I am not putting words in your mouth. Only noticing that we are silent. Too silent. Even in the empty words we numbly repeat, which are just incantations, really, that the demons laugh at. And now, I think, we must be not just louder, or coarser, or even even more repetitive about how dismal and foolish all this is. But we must learn to be here in this moment, and first understand and experience it more fully. With and from and in one another.

For even now, we have no words, really, which suffice, to describe them, and so in all this, we are speechless, even if we go on saying the same words, which now mean nothing whatsoever to those who have gone mad. We must now outgrow our quiet despair. And transform it not into Louder Anger—did that work for the woke?—but into something far more dangerous and powerful. A genuine expression of the existential despair of all this. Isn’t that what it means to be sane, after all? Authenticity, symbolism, communication, expression?

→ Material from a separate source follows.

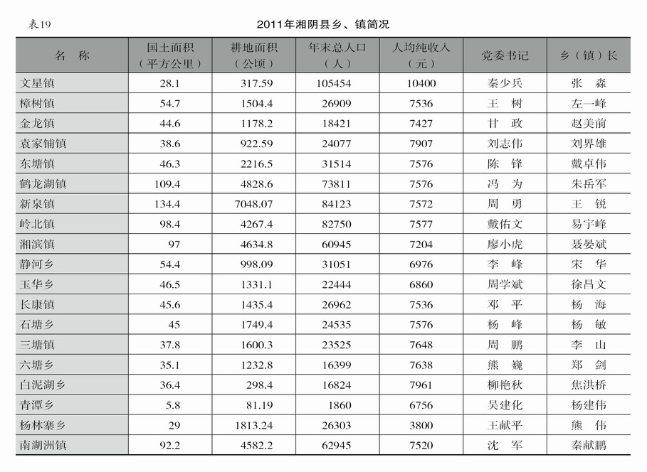 【概况】 2011年,湘阴县辖19个乡镇,土地总面积1581.5平方公里,耕地面积42.05千公顷。年末总人口76.28万人,其中城镇人口12.16万人。人口出生率11.62‰,自然增长率5.8‰。年内最高气温38.8℃,最低气温-3.0℃;年降水量806.7毫米。

Because now it is not about them.

It is about us.

There is a blank space in me where a society used to be. I am kneeling before you. It is the job of its thinkers to keep a society’s mind healthy. I see the good Germans smiling at us. I see the moments history never recorded, the darkest ones there are, in which madness and death collide, about which we will never have full knowledge, and thus little understanding of their emotions, truths, and meanings, as something I didn’t used to before. The most revelatory ones of all. A mind implodes, and nails claw against the shuddering steel, heading to the depths. These are the thoughts I think and the feelings I have as everything collapses. This is my quiet despair.

Is this where we are? Is this who we are? How do we talk about it? How does this feel? Where does it end? It would be easier for us both to keep lying to each other. Should we? Me? Never felt better! Check out my self-care routine! I’m walking tall! Did you chuckle? Shall we all keep looking out the window, desperately, or texting each other: hey, the plane is crashing! Dude, we’re on the same flight. Go ahead, chuckle again.

Lies are the lead weights of the soul. Let us drop them now. We are sinking anyways. And be true so much it hurts. Doesn’t it hurt, so, so painfully much anyways, losing not just a future, but watching a nation lose its mind, its bearings, and burning itself to ashes? Isn’t this the only way it will ever hurt less?

Maybe I’m wrong. Does it matter if I am? Even Ezra Klein’s now telling us that “all this is wrong,” and at this point, it sounds about as fitting a sentence as saying “Once, a man named George Orwell wrote a book.” LOL, just kill me. Death and madness. You and me. Us and existence. The final moments. We’re only ever one heartbeat away. From all this. And from each other.

It is all I have left to give you. It is all we have ever had to give each other.